二千五百二十八夜、じいじの高校生生活 1193 三年生 148 二学期から 130
今日は、じいじの番です。
眠れないのかい、それは困ったねえ。じゃあ、少しお話をしてあげようかね。どんなことがいいかな。何がいい?
「…………。」
そうだねえ、じゃあ、じいじが子供の頃のお話をしようかねえ。
まだ、高校生の頃のことだけれど……。
──だから、強力な指導体制のもとにある国や、国民全員が一つの方向へと進まなければならないような国では、じいじは真っ先に粛正されてしまうような種類の人物なのだろうかな……とも思えるのだ……。
しかしその一方では、自分の意欲に対して強い拘りがないということもある……。
そのために、とんでもなく要領よく、いろいろな流れに乗っていかれるような、そんな人間なのかもしれないとも思う部分もあるのかな……。
だからじいじは……ひたすら目立つことなく、うまく流れに乗って生きていくことができるような……。
要領が良過ぎるような種類の人間なのかもしれない……とも思うところもあるのだけれどなあ……。
……それはともかくとして……。
……結局じいじは、その日のうちに切り出し刀で……デザイン用のカッターナイフのような刃の形をしたもの……手を入れるおおかたの部分を終わらせてしまっていた……。
そして、丸刀……大小の二種類があるのだけれど、刃の形の横断面が半円形になっているもの……で版画の原版の三分の一くらいまで彫り進んでしまっていた……。
版画の原版を彫るのに、じいじはもう少し手間も時間もかかると思っていた……。
しかし、じいじが思っていたよりもかなり早く作業がすすんでいくことになりそうだった……。

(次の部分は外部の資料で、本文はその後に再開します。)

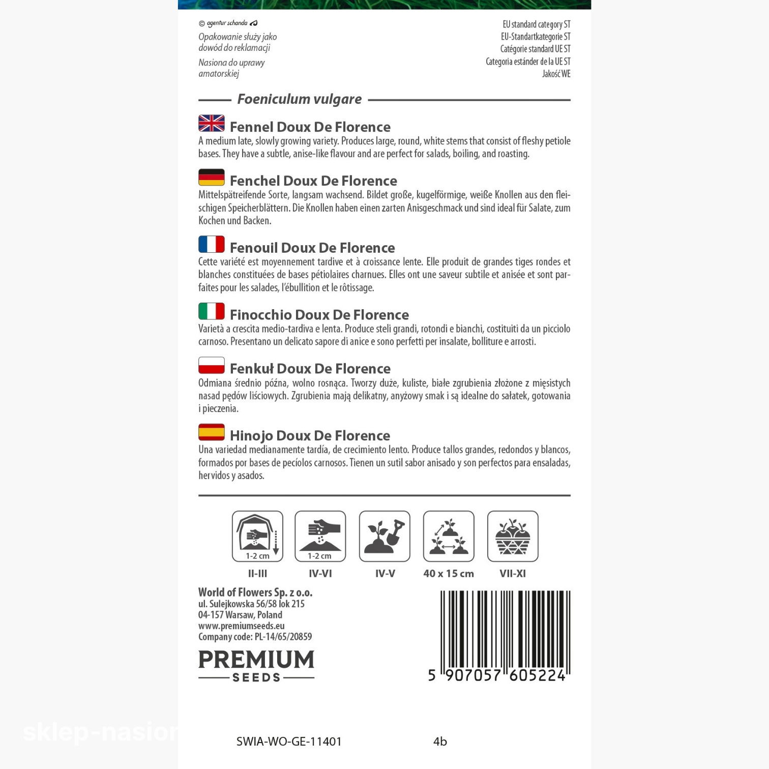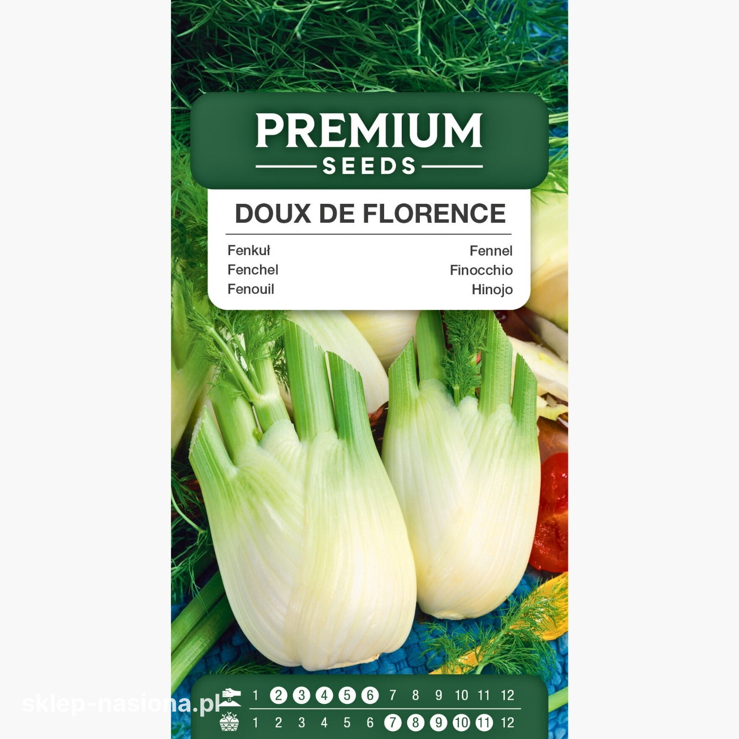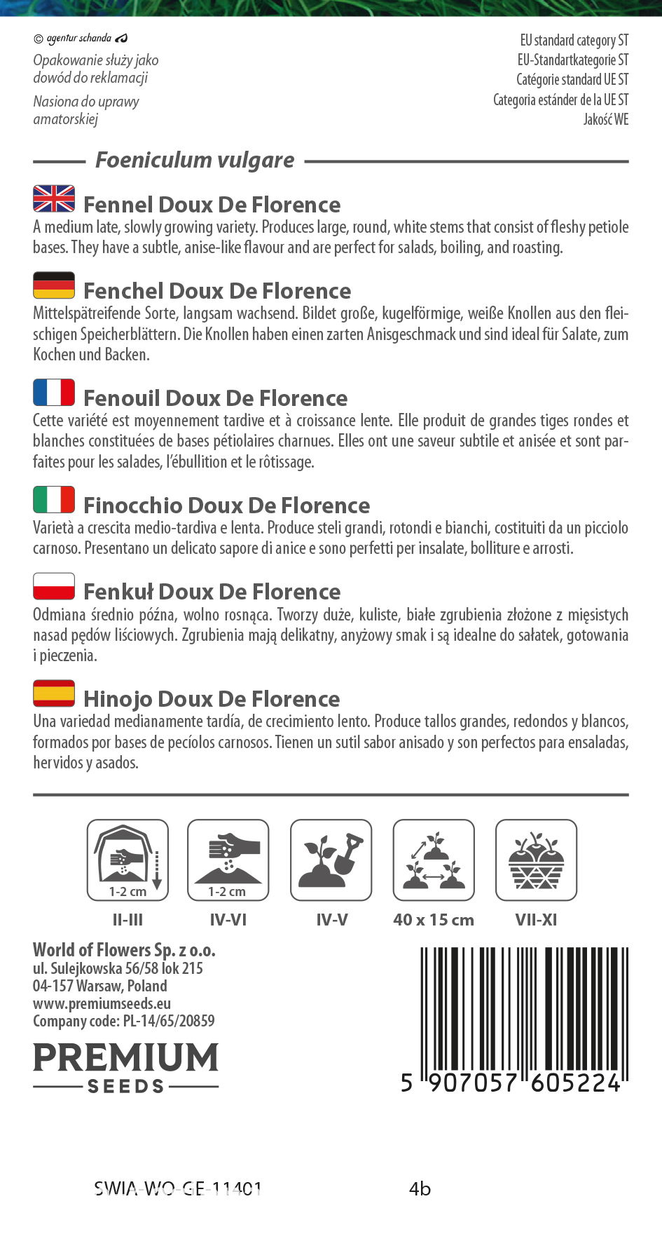 W opakowaniu znajduje się 5 g nasion kopru włoskiego Doux de Florence. Na odwrocie opakowania umieszczono instrukcję wysiewu oraz termin przydatności nasion do siewu.

もう一日もあれば、余裕で彫りが終わりそうなのかもしれない……。
なので、このまま一気に作業を進めてしまおうかなあと、じいじは考えていた……。そして、それがすみ次第には、Bさんに版画の原版を渡してしまえるのではないだろうかなあとも考えていた……。
ここで一日二日余計に時間を掛けて、いくら丁寧に原版を仕上げようとしたところで、版画の刷りあがりにはさほど差ができるわけではない……。
それに、版画は刷り上がった結果が重要であって、原版にさほど価値があるわけではないだろうとも思うのだ……。
それに、刷り上がった結果についてだけで言えば、かえって勢いがあるということは、結構刷り上がった際には見栄えがするような気もする……。
じいじ自身の考えでは、いろいろともったいぶって、Bさんにありがたがってもらいたいとは思ってもいなかったのだしね……。
だから、いたずらに時間を掛けて丁寧に仕上げること自体には、たいして価値があるわけではないのだろうと思える……。
そんなことなどを含めて考えると、さっさと仕上げてしまって、さっさとBさんに原版を渡してしまったほうが面倒がなさそうだった……。
それに、できるだけ早くに彼女たちの要請から手を切ってしまったほうが、じいじにとっては煩わしいこともなくて、早く気が楽になるだろうかなあと考えた……。
おや、眠たくなってきたかい、それじゃあ、おやすみ、いい夢を見てね。
良い夢に恵まれますように、おやすみなさい。また次の夜に……。